Figure 5. T-cell activation by TCEs. Release of IL-2, IL-6 and TNFα after 24 h and IFNγ after 48 h by PBMCs co-cultured with LIM1215 using an effector-to-target ratio of 10:1 analyzed by sandwich ELISA. Mean ± SD, n=2 - two individual donors).
Finally, we employed a 3D co-culture assay to evaluate the cytotoxic activity of the trispecific antibody under conditions that more closely mimic the situation found in vivo. We first generated cancer cell spheroids by seeding BT474 cells into ultra-low attachment plates. Once they reached a size of approximately 250 µm, spheroids were incubated with varying numbers of PBMCs/well and different concentrations of the trispecific eFab-eIg for up to 2 days (Figure 6). Dead cells were visualized by PI staining. In the absence of PBMCs, the antibody neither had effects on spheroid morphology, nor did it induce cell killing. In agreement with the 2D experiments, cell death was effectively induced in the presence of PBMCs, to a greater extent and with faster kinetics when using higher numbers of PBMCs and higher antibody concentrations. In summary, our data demonstrate that the trispecific antibody showed strong T-cell activation and subsequential tumor cell killing in the 2D and 3D model system.

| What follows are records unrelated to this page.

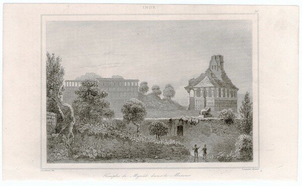 Stampa antica Old print India tempio Mynal ad Mewa Lemaitre 1841
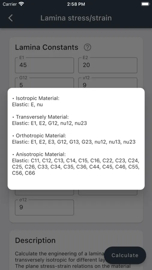 3. Calculate effective solid stiffness matrix and engineering constants for the solid model.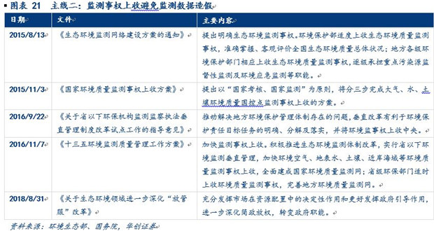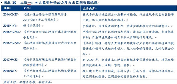 第三階段:政策推動集中打擊監(jiān)測數(shù)據(jù)造假。2015年以來,整體上監(jiān)測設(shè)備廣泛布局和補(bǔ)充升級的過程已經(jīng)基本結(jié)束,后續(xù)增長有限,實(shí)施執(zhí)行過程中暴露出篡改、虛報(bào)數(shù)據(jù)等諸多問題才是該階段的主要問題,因而規(guī)范監(jiān)測數(shù)據(jù)、打擊數(shù)據(jù)造假成為本階段主題。從政策來看,打擊數(shù)據(jù)造假的執(zhí)行過程中有兩條主線:第一條主線貫穿始終,從2015年1月1日《新環(huán)保法》頒布以來,又陸續(xù)出臺實(shí)施指導(dǎo)意見通過明確責(zé)任、建立懲罰機(jī)制加大監(jiān)測數(shù)據(jù)造假的成本,用嚴(yán)監(jiān)管的方式打擊監(jiān)測數(shù)據(jù)造假;第二條主線則是對主線一的補(bǔ)充和優(yōu)化,從2015年8月開始,通過監(jiān)測事權(quán)上收、調(diào)整監(jiān)管體系架構(gòu),從根源上用疏通的方式來避免監(jiān)測數(shù)據(jù)造假的問題。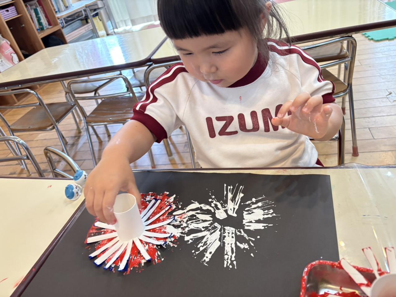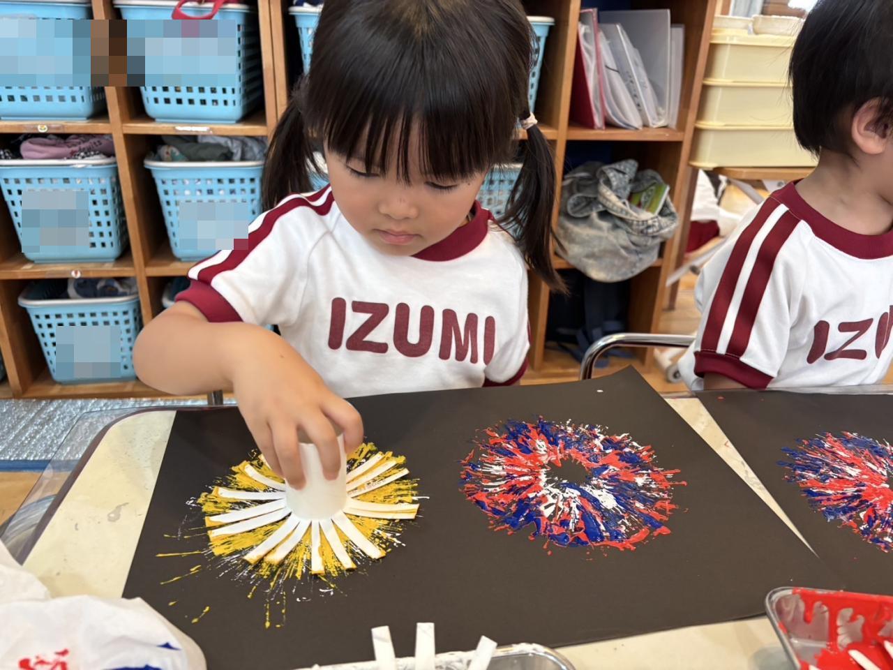 ◎きりん組さんのお兄ちゃんお姉ちゃんに向けて「お泊まり保育頑張ってね!」の気持ちを込めて「うちわ作り」をしました!🪭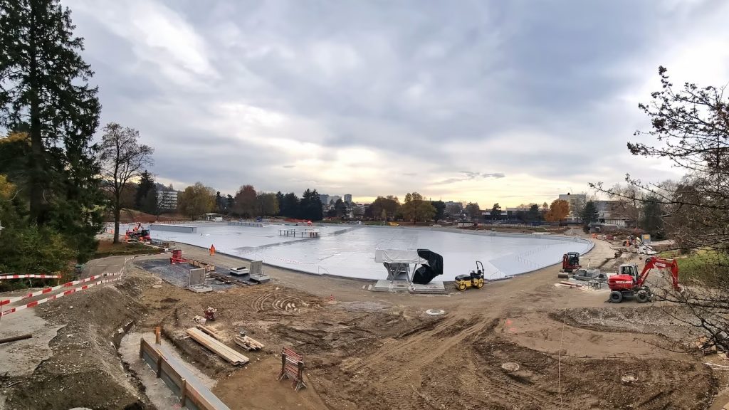 El 27 de septiembre de 2020, los votantes aprobaron un préstamo de construcción de 48 millones de francos suizos (aproximadamente 50 millones de dólares estadounidenses), y los trabajos comenzaron el 16 de noviembre del mismo año. El núcleo del proyecto consistió en instalar un nuevo sistema de tratamiento de agua, revestir completamente la piscina existente con láminas plásticas resistentes al cloro con estabilizador UV y renovar los edificios administrativos.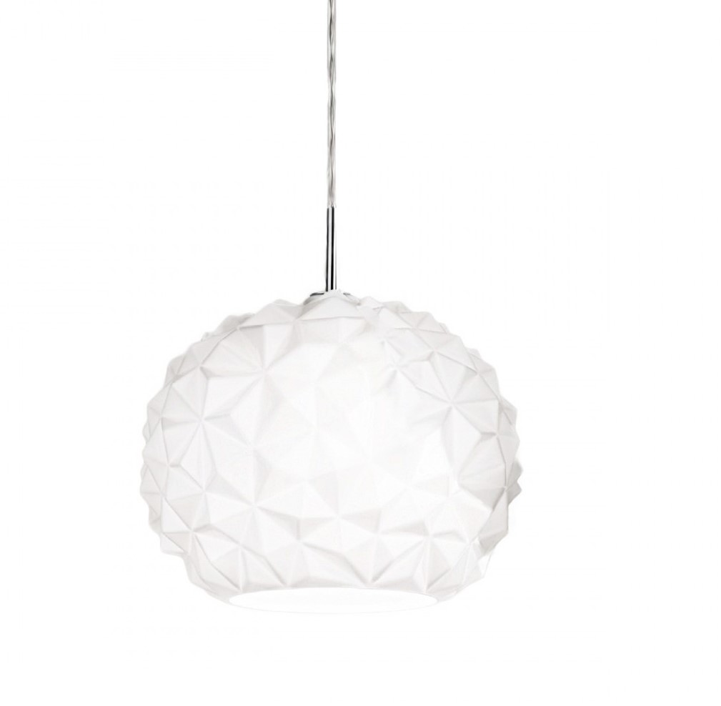 Kaunis ja näyttävä lasiriippuvalaisin Meteora. Kulmikkaasti muotoiltu lasikupu laskee valon kauniisti ympärilleen. Kiiltävä valkoinen lasikupu, metalliosat krominväriset. Halkaisija 35 cm Lasikuvun korkeus 30 cm Korkeus max 150 cm 1 x E27 max 60W, ei sisälly. Kiinteä asennus. Lisävarusteena voi ostaa valkoisen, muovisen kattokupin, jolloin asennus käy myös koukkuun ja tarvittaessa pistotulppaan.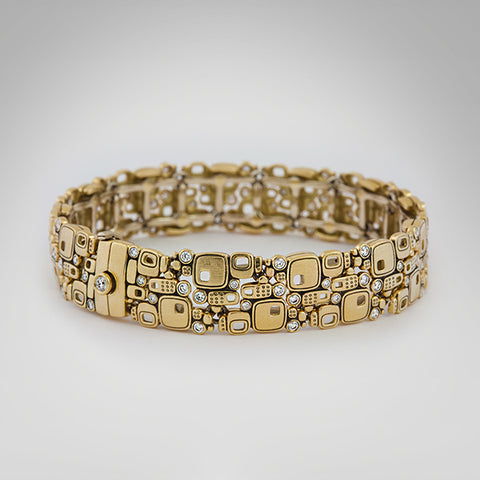 Alex Sepkus is out! Or, as he might say, Alex Sepkus is also not so out. In a world full of designers scrambling to turn fine jewellery into an offshoot of the fashion industry -- and therefore, by nature, attuned to the fad (it‘s called the rag trade for a reason) -- Alex remains so focused he never feels the need to chase anything. Why should he? His picture is big, like a magnificent mosaic; the components comprise detailing so small he and his workforce require microscopes to execute it, which is only the first contradiction from this designer.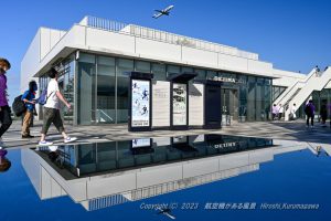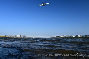15時あたりから南風に変わる予報 これは新ルートでの運用になると期待して天空橋に向かった アプリを見れば到着機が新ルートに向かい始めている 澄んだ空にストライプのビルが映えていた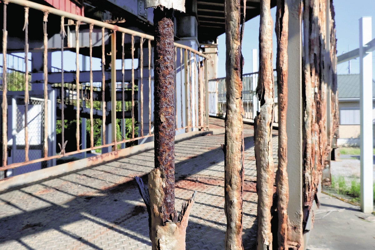 太平洋沿岸にある千葉県匝(そう)瑳(さ)市の今泉浜地区に整備された津波避難タワーの腐食が進み、2015年の完成から10年しかたっていないのに使用不能になっている。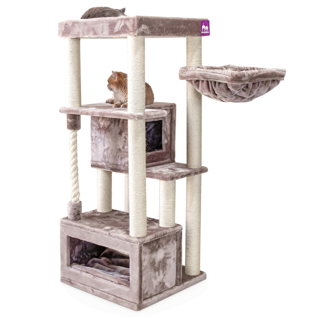 Compacte krabpaal voor elke soort kat; groot, klein, jong en oud. Met extra dikke krabstammen en afgewerkt met luxe pluche. Afm. 58 x 58 x 150 cm.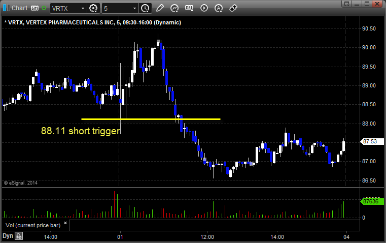 VRTX triggered short (without market support due to opening 5 minutes) and didn’t work, triggered later clean with market support and did work: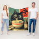 Cobertor De Velo Funny Black Cat Eating Ramen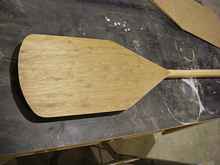 Finally complete - except for the varnish. Note that, in the end, I decided the blades as drawn were bigger than I wanted... so I have scaled them down a bit. Time will tell whether this was a good idea. But these two are not for active, primary, canoe paddling. They are for my personal use - as backup (when I don't want to use oars) auxiliary propulsion for two different sailing dinghys.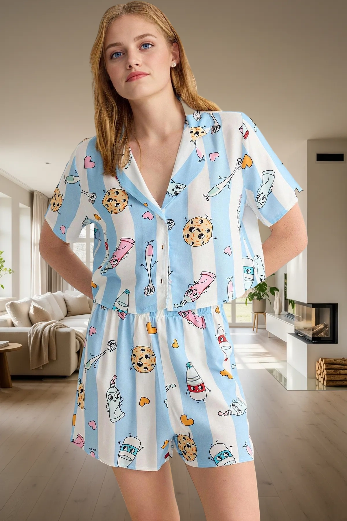 Kadın Baskılı Viskon Gömlek Şort Pijama Takımı Fonksiyonel Dayanıklı Kaliteli Konforlu Şık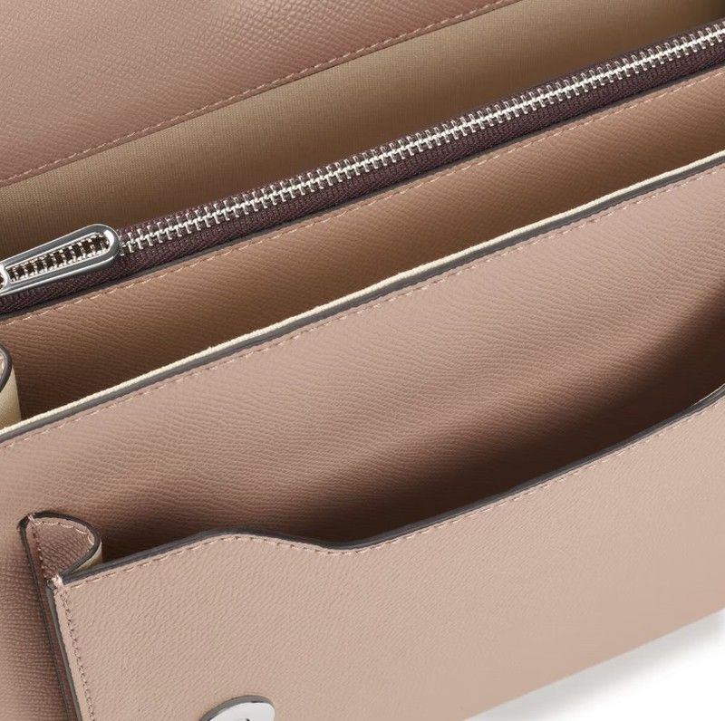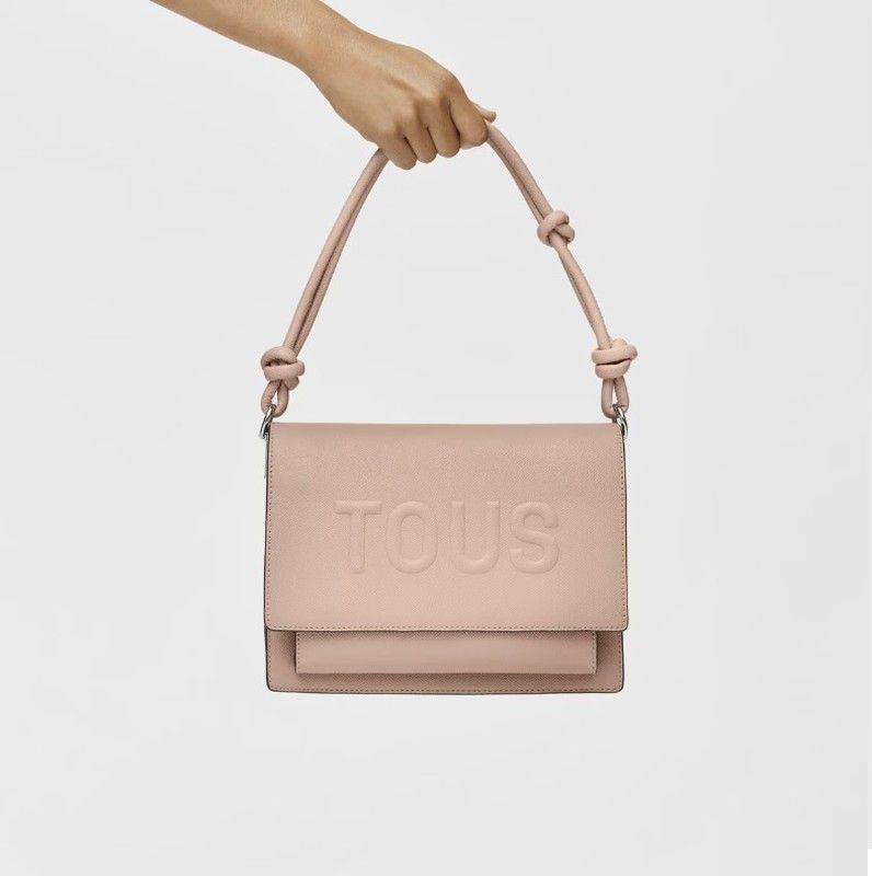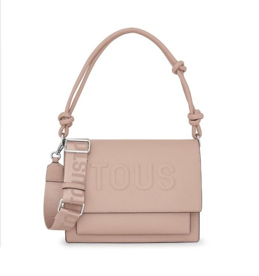 Mittelgroße Tous-Umhängetasche aus der Audree La Rue New-Kollektion aus taupefarbenem Kunstleder. Verschlossen mit zwei Magnetknöpfen, im Inneren befinden sich drei offene Fächer und eines mit Reißverschluss. Es verfügt über zwei Griffe, einen abnehmbaren Schultergurt und einen weiteren festen Schultergurt. Dieses Modell ist zu einem festen Bestandteil Ihrer Garderobe geworden und repräsentiert Mode und Eleganz in einem einzigen Accessoire.

Figure 6. Killing of BT474 spheroids. BT474 spheroids with a diameter of approximately 250 µm were used as target cells and incubated with different amount of trispecific eFab-eIg antibodies as well as different number of PBMCs (donor: AL#1). In addition, the induction of apoptosis was analyzed using propidium iodide (PI; 1 µg/mL). Cells were incubated with antibodies and the PBMCs for 48 h at 37°C. n=1.
Discussion
Here, we have advanced the eIg technology to generate trispecific trivalent antibodies with an extended Ig-like structure. The underlying design principle utilizes heterodimerizing EHD2 domains derived from the homodimerizing heavy chain domain 2 of IgE (EHD2) to generate Fab-like building blocks (eFabs). The EHD2 homodimers are normally covalently linked by two disulfide bonds formed between C14 and C102. Substituting Cys14 in a first EHD2 (EHD2-1) and C102 in a second EHD2 (EHD2-2) by serine residues results in efficient heterodimerization since only heterodimers are capable of forming a single disulfide bond while homodimers cannot do so and are thus unstable (18, 20). These hetEHD2 domains are used to replace CH1 and CL in a normal Fab to obtain Fab-like moieties (eFabs). In comparison to other antibody fragments, e.g. scFv molecules, as building blocks for multispecific antibodies, the usage of the disulfide-linked constant domains in the eIg technology increases the thermal stability and the solubility of multispecific molecule and lowers the potential for aggregations (27, 28). In the present study it was found that placing the EHD2–1 and EHD2–2 domains on different chains mediates correct pairing of cognate VH and VL in co-expressed eFab-1 and eFab-2 moieties without further modifications of the variable domains. Proof of concept was obtained for a trispecific eFab-eIg targeting HER2, HER3 and CD3. The molecule retained binding activity for its target antigens and was capable of recruiting T-cells to tumor cells and mediating T-cell-induced killing of tumor cell lines with varying levels of HER2 and HER3 expression.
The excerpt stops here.